Stored data
──────
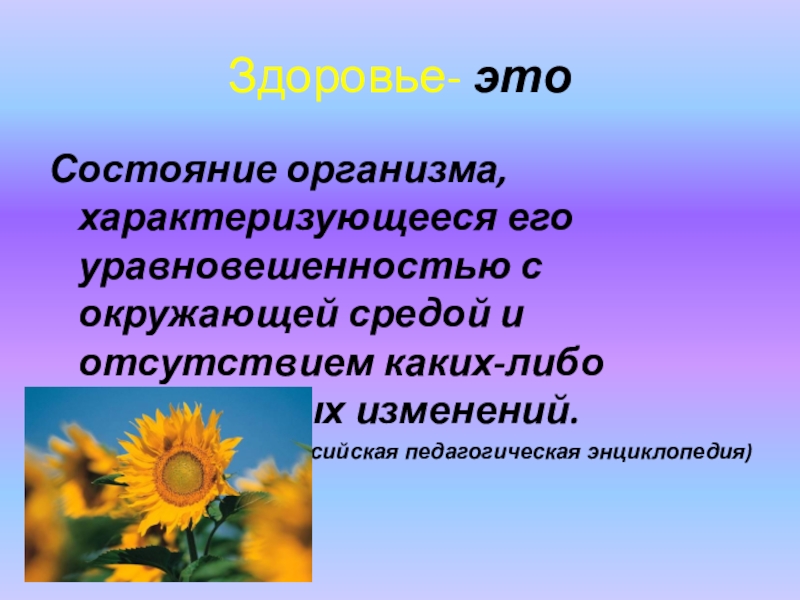 Состояние организма, характеризующееся его уравновешенностью с окружающей средой и отсутствием
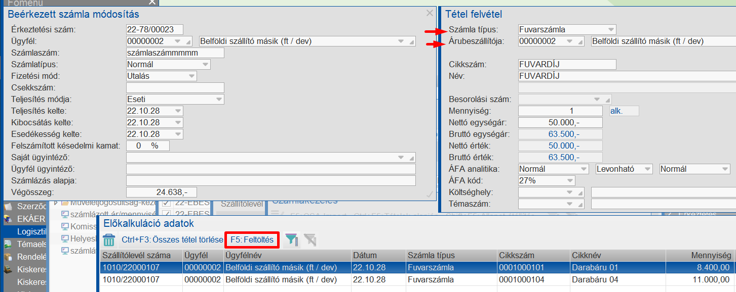 Egyrészt a szállítólevélhez kapcsolódó fuvarköltség a szállítólevél tételei között szét lett osztva automatikusan, másrészt a rosszul számlázott, befogadott számlatétel értéke alapján a beszerzési ár aktualizálva lett.
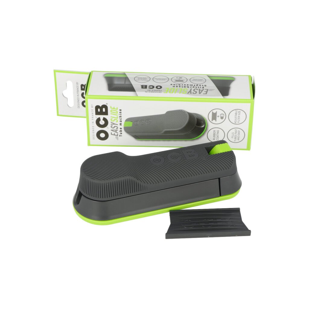 Plastová plnička cigaretových dutinek OCB Easy Slide (plnička cigaret) s volitelnou délkou filtru. Nová generace ruční plničky OCB v novém designu a atraktivní šedo zelené barevné kombinaci. Ruční plnička Easy Slide je určená pro plnění jednotlivých cigaretových dutinek klasické velikosti King Size o průměru 8 mm a to dutinek se standardním filtrem nebo dlouhým filtrem. Cigarety jsou plněné pomocí kovového hrotu. Plnička vyrobená z odolného plastu má spodní základnu a horní část pogumovanou. Díky této nové povrchové úpravě plnička neklouže při plnění. Volba dutinky - délka filtru se provede zeleným voličem posunutím do požadované polohy. Poloha Regular - standardní filtr, Extra - dlouhý filtr. Vyrobení vlastní cigarety je jednoduché - otevřete plničku, zvolíte typ dutinky (délku filtru), prostor pro tabák naplníte Vaší oblíbenou směsí, cigaretovou dutinku nasadíte na hrot a přiklopíte zpět horní část plničky. Jednoduchým tahem dozadu a zpět naplníte dutinku tabákem a cigareta je hotová. V balení plničky najdete plastový nacpávač tabáku, který je prakticky uchycený ve spodní části plničky.
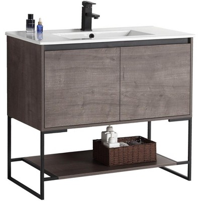 Lyngins 30" Freestanding Bathroom Vanity with Sink, Soft Close Door with Shelf & 3 Drawers, Modern Bathroom Storage Cabinet with Ceramic Sink, Gray
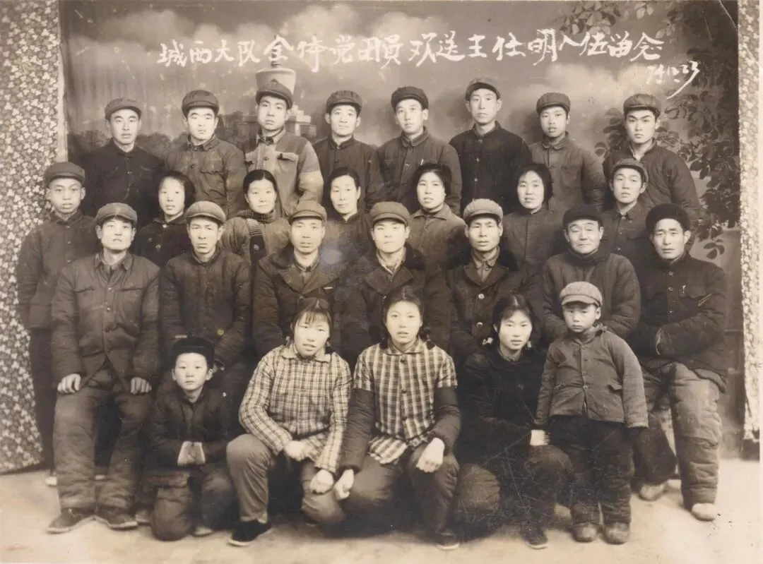1974年12月23日,桓城人民公社城西大队欢送新兵王仕明(第二排中)入伍大会后,全村党团员与其合影留念。王仕明在部队多次立功提干,历任连长、营、团政委、新疆和静县人武部政委等职,上校军衔。退休享受师级待遇。(照片提供者:陈立言)
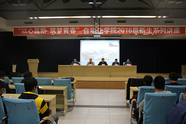 10月18日18时30分,自动化公司于启航多功能厅举办“以心赢新,共筑青春”2016级新生系列讲座。自动化公司党委书记陈万海,经理赵玉新,教学副经理张晓宇,行政副经理于立君,党委副书记陈岩,学工办主任李欣,团委书...
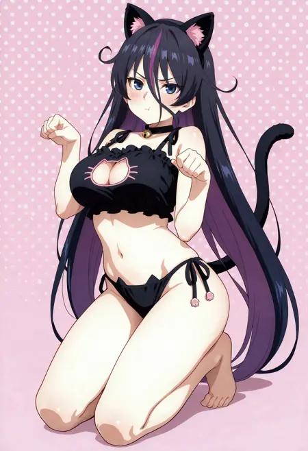 luciarogier, very long hair, purple hair, streaked hair, blue eyes, hair between eyes, large breasts,
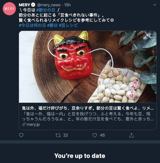 I have never regretted setting my trending location to Tokyo. What a perfect little experience Turns out this is about Setsubun, the Spring festival. You're supposed to throw soybeans to ward off evil spirits https://en.wikipedia.org/wiki/Setsubun pic.twitter.com/uYRBAKztKg
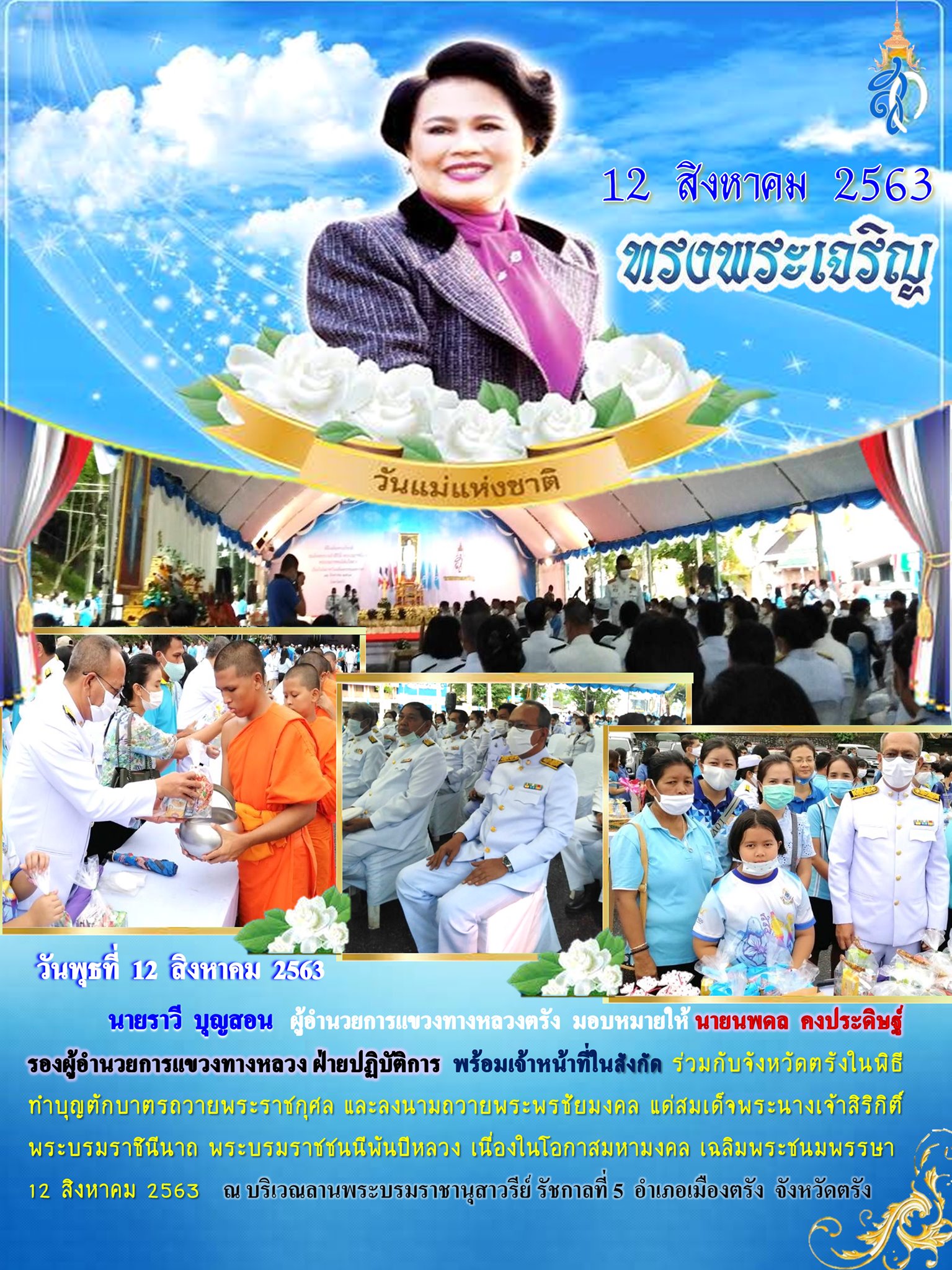 นายราวี บุญสอน ผู้อำนวยการแขวงทางหลวงตรัง มอบหมายให้ นายนพดล คงประดิษฐ์ รองผู้อำนวยการแขวงทางหลวง ฝ่ายปฏิบัติการ พร้อมเจ้าหน้าที่ในสังกัด ร่วมกับจังหวัดตรังในพิธีทำบุญตักบาตรถวายพระราชกุศล และลงนามถวายพระพรชัยมงคล แด่สมเด็จพระนางเจ้าสิริกิติ์ พระบรมราชินีนาถ พระบรมราชชนนีพันปีหลวง เนื่องในโอกาสมหามงคลเฉลิมพระชนมพรรษา 12 สิงหาคม 2563 ณ บริเวณลานพระบรมราชานุสาวรีย์ รัชกาลที่ 5 อำเภอเมืองตรัง จังหวัดตรัง
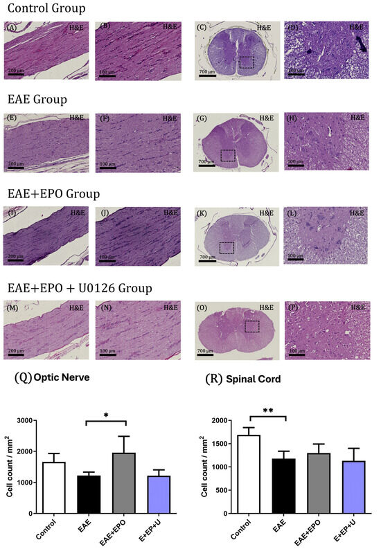 Figure 1. Histology of the control’s optic nerve and spinal cord tissues, EAE, EAE+EPO, and EAE+EPO+U0126 groups. These tissues were stained using the hematoxylin and eosin technique. (A) Optic nerve of the control group with 10× magnification; (B) optic nerve of the control group with 40× magnification; (C) spinal cord of the control group with 3× magnification; (D) spinal cord of the control group with 20× magnification; (E) optic nerve of the EAE group with 10× magnification; (F) optic nerve of the EAE group with 40× magnification; (G) spinal cord of the EAE group with 3× magnification; (H) spinal cord of the control group with 20× magnification; (I) optic nerve of the EAE+EPO group with 10× magnification; (J) optic nerve of the EAE+EPO group with 40× magnification; (K) spinal cord of the EAE+EPO group with 3× magnification; (L) spinal cord of the EAE+EPO group with 20× magnification; (M) optic nerve of the EAE+EPO+U0126 group with 10× magnification; (N) optic nerve of the EAE+EPO+U0126 group with 40× magnification; (O) spinal cord of the EAE+EPO+U0126 group with 3× magnification; (P) spinal cord of the EAE+EPO+U0126 group with 20× magnification; (Q) graph of the cell count in the optic nerve of the study groups; (R) graph of the cell count in the spinal cord of the study groups. The data are presented as mean ± SD obtained for the four animals per group. A one-way ANOVA and a Tukey post hoc test were performed as a statistical test. The significant differences are * p < 0.053 EAE vs. EAE+EPO for the optic nerve and ** p < 0.016 control vs. EAE in the spinal cord.
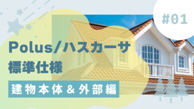 ポラス・ハスカーサのご紹介 ハスカーサの標準仕様① 建物本体&外部編 建築工法、天井高、基礎、保証/アフターメンテナンス、対応可能な補助金事業、屋根材、外壁、玄関ドア/サッシ(窓)、断熱/耐震など、ポラス/ハスカーサの標準仕様を詳しく解説します。 2025.08.07 ポラス・ハスカーサのご紹介設備
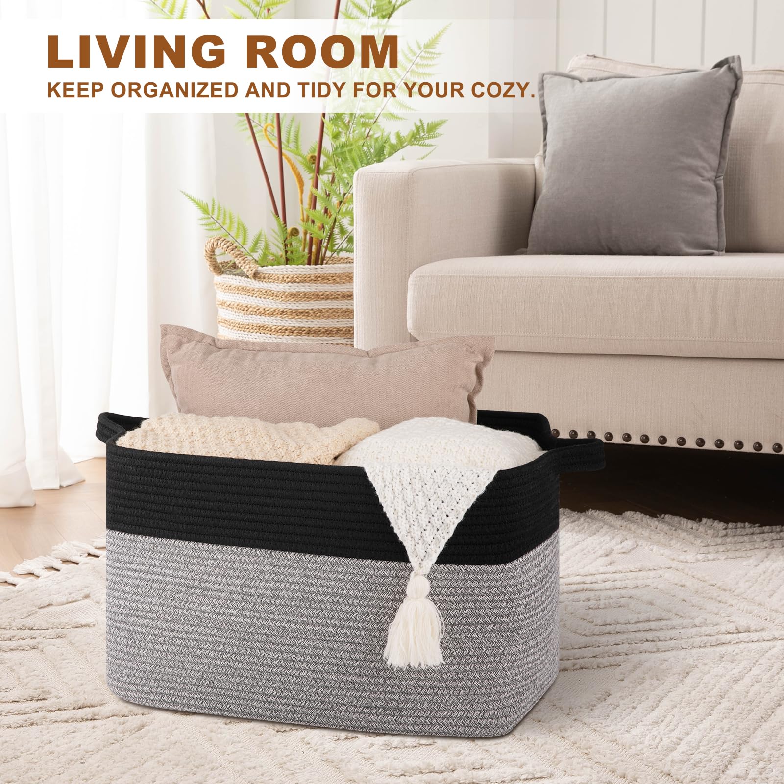 Premium Cotton: Crafted from 100% soft cotton rope. Our storage basket is safe and gentle for kids and pets, Unlike plastic baskets, is chemical-free and devoid of rough edges. It is more durable than a plastic basket
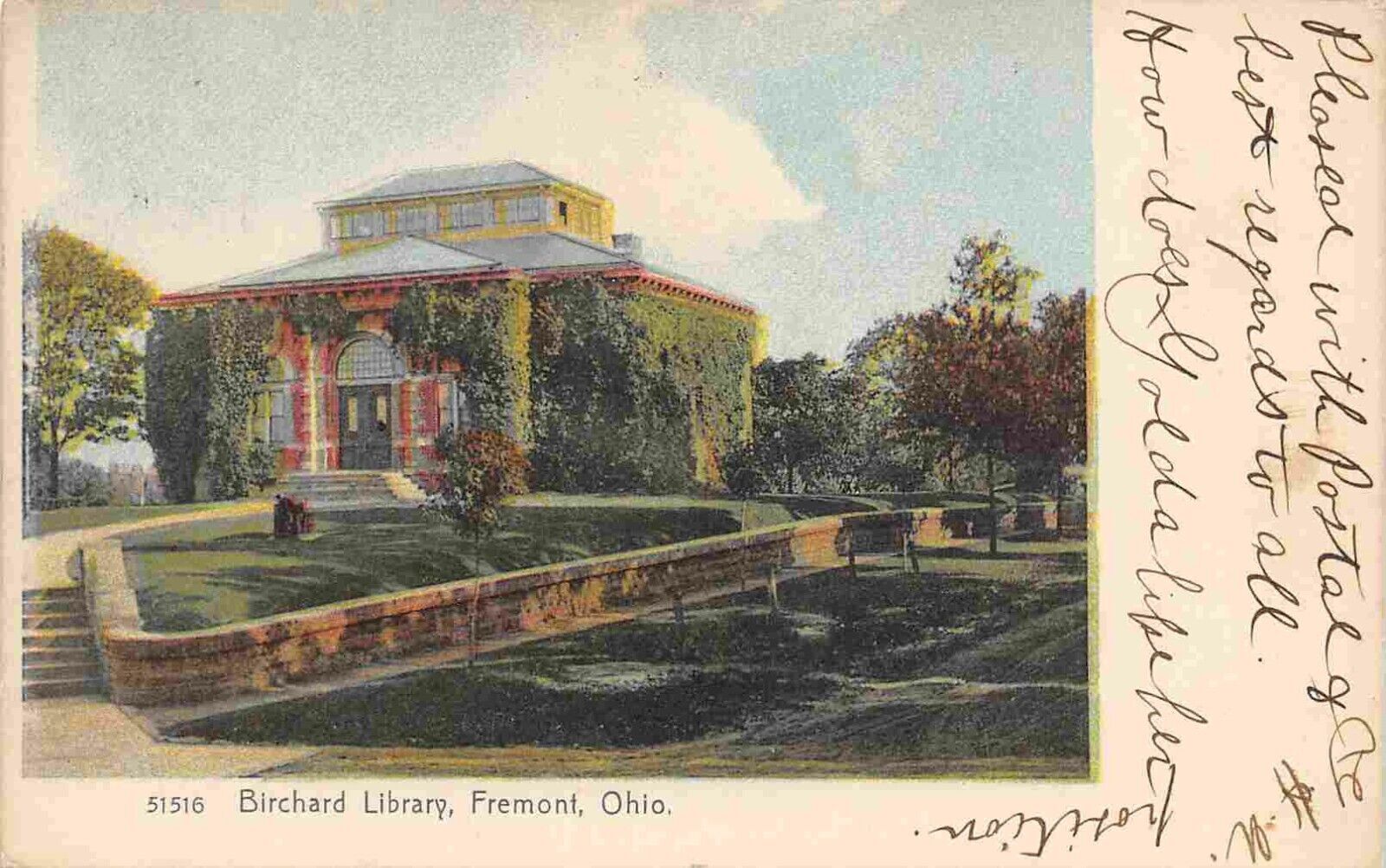 Birchard Library Fremont Ohio 1907 postcard
──────
◆ **TASK TO COMPLETE**: Transcribe the records above exactly and drop every picture.

◆ **SOLUTION TO THIS EXERCISE**:
 Состояние организма, характеризующееся его уравновешенностью с окружающей средой и отсутствием
 Egyrészt a szállítólevélhez kapcsolódó fuvarköltség a szállítólevél tételei között szét lett osztva automatikusan, másrészt a rosszul számlázott, befogadott számlatétel értéke alapján a beszerzési ár aktualizálva lett.
 Plastová plnička cigaretových dutinek OCB Easy Slide (plnička cigaret) s volitelnou délkou filtru. Nová generace ruční plničky OCB v novém designu a atraktivní šedo zelené barevné kombinaci. Ruční plnička Easy Slide je určená pro plnění jednotlivých cigaretových dutinek klasické velikosti King Size o průměru 8 mm a to dutinek se standardním filtrem nebo dlouhým filtrem. Cigarety jsou plněné pomocí kovového hrotu. Plnička vyrobená z odolného plastu má spodní základnu a horní část pogumovanou. Díky této nové povrchové úpravě plnička neklouže při plnění. Volba dutinky - délka filtru se provede zeleným voličem posunutím do požadované polohy. Poloha Regular - standardní filtr, Extra - dlouhý filtr. Vyrobení vlastní cigarety je jednoduché - otevřete plničku, zvolíte typ dutinky (délku filtru), prostor pro tabák naplníte Vaší oblíbenou směsí, cigaretovou dutinku nasadíte na hrot a přiklopíte zpět horní část plničky. Jednoduchým tahem dozadu a zpět naplníte dutinku tabákem a cigareta je hotová. V balení plničky najdete plastový nacpávač tabáku, který je prakticky uchycený ve spodní části plničky.
 Lyngins 30" Freestanding Bathroom Vanity with Sink, Soft Close Door with Shelf & 3 Drawers, Modern Bathroom Storage Cabinet with Ceramic Sink, Gray
1974年12月23日,桓城人民公社城西大队欢送新兵王仕明(第二排中)入伍大会后,全村党团员与其合影留念。王仕明在部队多次立功提干,历任连长、营、团政委、新疆和静县人武部政委等职,上校军衔。退休享受师级待遇。(照片提供者:陈立言)
 10月18日18时30分,自动化公司于启航多功能厅举办“以心赢新,共筑青春”2016级新生系列讲座。自动化公司党委书记陈万海,经理赵玉新,教学副经理张晓宇,行政副经理于立君,党委副书记陈岩,学工办主任李欣,团委书...
 luciarogier, very long hair, purple hair, streaked hair, blue eyes, hair between eyes, large breasts,
 I have never regretted setting my trending location to Tokyo. What a perfect little experience Turns out this is about Setsubun, the Spring festival. You're supposed to throw soybeans to ward off evil spirits https://en.wikipedia.org/wiki/Setsubun pic.twitter.com/uYRBAKztKg
 นายราวี บุญสอน ผู้อำนวยการแขวงทางหลวงตรัง มอบหมายให้ นายนพดล คงประดิษฐ์ รองผู้อำนวยการแขวงทางหลวง ฝ่ายปฏิบัติการ พร้อมเจ้าหน้าที่ในสังกัด ร่วมกับจังหวัดตรังในพิธีทำบุญตักบาตรถวายพระราชกุศล และลงนามถวายพระพรชัยมงคล แด่สมเด็จพระนางเจ้าสิริกิติ์ พระบรมราชินีนาถ พระบรมราชชนนีพันปีหลวง เนื่องในโอกาสมหามงคลเฉลิมพระชนมพรรษา 12 สิงหาคม 2563 ณ บริเวณลานพระบรมราชานุสาวรีย์ รัชกาลที่ 5 อำเภอเมืองตรัง จังหวัดตรัง
 Figure 1. Histology of the control’s optic nerve and spinal cord tissues, EAE, EAE+EPO, and EAE+EPO+U0126 groups. These tissues were stained using the hematoxylin and eosin technique. (A) Optic nerve of the control group with 10× magnification; (B) optic nerve of the control group with 40× magnification; (C) spinal cord of the control group with 3× magnification; (D) spinal cord of the control group with 20× magnification; (E) optic nerve of the EAE group with 10× magnification; (F) optic nerve of the EAE group with 40× magnification; (G) spinal cord of the EAE group with 3× magnification; (H) spinal cord of the control group with 20× magnification; (I) optic nerve of the EAE+EPO group with 10× magnification; (J) optic nerve of the EAE+EPO group with 40× magnification; (K) spinal cord of the EAE+EPO group with 3× magnification; (L) spinal cord of the EAE+EPO group with 20× magnification; (M) optic nerve of the EAE+EPO+U0126 group with 10× magnification; (N) optic nerve of the EAE+EPO+U0126 group with 40× magnification; (O) spinal cord of the EAE+EPO+U0126 group with 3× magnification; (P) spinal cord of the EAE+EPO+U0126 group with 20× magnification; (Q) graph of the cell count in the optic nerve of the study groups; (R) graph of the cell count in the spinal cord of the study groups. The data are presented as mean ± SD obtained for the four animals per group. A one-way ANOVA and a Tukey post hoc test were performed as a statistical test. The significant differences are * p < 0.053 EAE vs. EAE+EPO for the optic nerve and ** p < 0.016 control vs. EAE in the spinal cord.
 ポラス・ハスカーサのご紹介 ハスカーサの標準仕様① 建物本体&外部編 建築工法、天井高、基礎、保証/アフターメンテナンス、対応可能な補助金事業、屋根材、外壁、玄関ドア/サッシ(窓)、断熱/耐震など、ポラス/ハスカーサの標準仕様を詳しく解説します。 2025.08.07 ポラス・ハスカーサのご紹介設備
 Premium Cotton: Crafted from 100% soft cotton rope. Our storage basket is safe and gentle for kids and pets, Unlike plastic baskets, is chemical-free and devoid of rough edges. It is more durable than a plastic basket
 Birchard Library Fremont Ohio 1907 postcard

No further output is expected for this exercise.